With his thick-set build, bald head and an intense look that could melt concrete, Bains is one of the most recognisable chefs cooking in kitchens today. At the age of 47, he is very much part of the old guard – to which fellow chefs (and in many cases friends) Tom Kerridge, Jason Atherton, Marcus Wareing, Daniel Clifford and Claude Bosi belong – a group not afraid of tough talking and ‘pushing on’ despite such an attitude having become less fashionable with today’s more mild-mannered younger chefs.
He also has a mischievous streak and a sometimes dirty sense of humour, and isn’t afraid of profanity. Chefs and friends are known affectionately as ‘chief’, and he is also addressed in this manner.

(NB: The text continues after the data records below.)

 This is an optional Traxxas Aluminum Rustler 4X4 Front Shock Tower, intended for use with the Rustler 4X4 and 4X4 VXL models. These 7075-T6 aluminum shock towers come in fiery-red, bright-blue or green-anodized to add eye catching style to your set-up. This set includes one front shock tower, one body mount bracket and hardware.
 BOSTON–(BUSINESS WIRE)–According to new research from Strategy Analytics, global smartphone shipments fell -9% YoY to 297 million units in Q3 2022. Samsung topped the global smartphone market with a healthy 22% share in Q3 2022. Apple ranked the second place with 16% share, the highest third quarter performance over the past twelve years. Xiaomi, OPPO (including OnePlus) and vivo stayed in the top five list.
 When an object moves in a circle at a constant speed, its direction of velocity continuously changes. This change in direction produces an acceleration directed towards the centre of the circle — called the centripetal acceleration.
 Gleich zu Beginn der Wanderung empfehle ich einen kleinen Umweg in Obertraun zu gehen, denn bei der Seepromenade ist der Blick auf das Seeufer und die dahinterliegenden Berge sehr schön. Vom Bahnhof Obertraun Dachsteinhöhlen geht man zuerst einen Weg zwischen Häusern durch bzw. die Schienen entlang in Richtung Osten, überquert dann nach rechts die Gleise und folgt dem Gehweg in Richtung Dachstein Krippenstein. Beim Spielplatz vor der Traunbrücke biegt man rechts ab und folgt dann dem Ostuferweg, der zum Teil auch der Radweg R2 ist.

But Bains is no relic. In fact, Restaurant Sat Bains (RSB) is arguably one of the most progressive dining rooms in the country, (it was recently named the fourth best in the world by TripAdvisor) with the Nottingham venue offering a number of different dining experiences, including Nucleus, a restaurant located within its development kitchen; the four-seat Kitchen Bench within the pastry kitchen; and the eight-cover Chef’s Table.
The highly technical set menus are micromanaged and tweaked almost on a daily basis, with the self-taught chef continually questioning everything in pursuit of perfection.

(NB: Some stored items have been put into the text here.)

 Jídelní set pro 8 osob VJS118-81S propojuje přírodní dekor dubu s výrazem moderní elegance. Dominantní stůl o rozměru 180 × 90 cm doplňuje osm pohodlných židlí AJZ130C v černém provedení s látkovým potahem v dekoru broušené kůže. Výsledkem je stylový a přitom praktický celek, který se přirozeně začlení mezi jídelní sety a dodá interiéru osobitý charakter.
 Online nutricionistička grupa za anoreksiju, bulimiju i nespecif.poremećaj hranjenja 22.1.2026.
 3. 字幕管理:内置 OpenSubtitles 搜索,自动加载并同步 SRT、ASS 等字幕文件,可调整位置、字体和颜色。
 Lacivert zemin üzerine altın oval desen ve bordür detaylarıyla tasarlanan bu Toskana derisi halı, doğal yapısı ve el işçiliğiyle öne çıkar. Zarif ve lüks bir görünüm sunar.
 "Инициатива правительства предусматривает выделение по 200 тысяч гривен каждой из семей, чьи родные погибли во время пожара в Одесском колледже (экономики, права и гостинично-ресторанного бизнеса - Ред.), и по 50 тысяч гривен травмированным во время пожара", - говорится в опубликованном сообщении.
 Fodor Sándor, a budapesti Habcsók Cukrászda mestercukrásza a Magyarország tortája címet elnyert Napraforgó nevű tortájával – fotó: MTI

He and wife Amanda, who co-runs the business, were also early adopters of the four-day week at the restaurant, introduced to give their staff a better work-life balance. Staff are given free health insurance based on how long they have worked at the restaurant and family meals have been specifically created to provide slow-release carbs to keep the team focused.
But it is also an oddity. The “working-class two-star restaurant”, in Bains’ own words, was originally Hotel des Clos, located in a far from salubrious part of Nottingham on the River Trent, at which he worked for a number of years before buying the property and getting his name above the door. In 2003, it won its first Michelin star, and gained a second eight years later.
"I'm not collecting chefs, I want them to go
and use the things they've learnt here
and pass that forward. But you know
an RSB chef when you meet one"
Much has been made of the restaurant’s location under a busy flyover, but even to describe it as this is to underplay the incongruity of this fine-dining operation. Set on the bend of a nondescript and shabby lane off a huge roundabout, it’s seconds away from an Audi car dealership on one side and an Asda park and ride on the other, in the shadows of an electricity pylon.
On our visit, the constant drone of the traffic above on the Clifton Bridge flyover was competing with the loud hailer shouts of the police diving team training on the nearby river. If a trip to ElBulli was designed as one to remember, the journey to Restaurant Sat Bains is one to forget.
But then that’s the point. For Bains, the location is perfect – and purposeful – with him actively seeking a down-at-heel part of town for his juxtaposition. “When you strip away the location and the drive down, you’ve only got the food to rely on,” he explains. “You see restaurants in all these lovely locations, but how much is it about the food? Here, you only have the one thing to attract people to come, unlike Hambleton Hall or Le Manoir or Chewton Glen. It makes you work harder.”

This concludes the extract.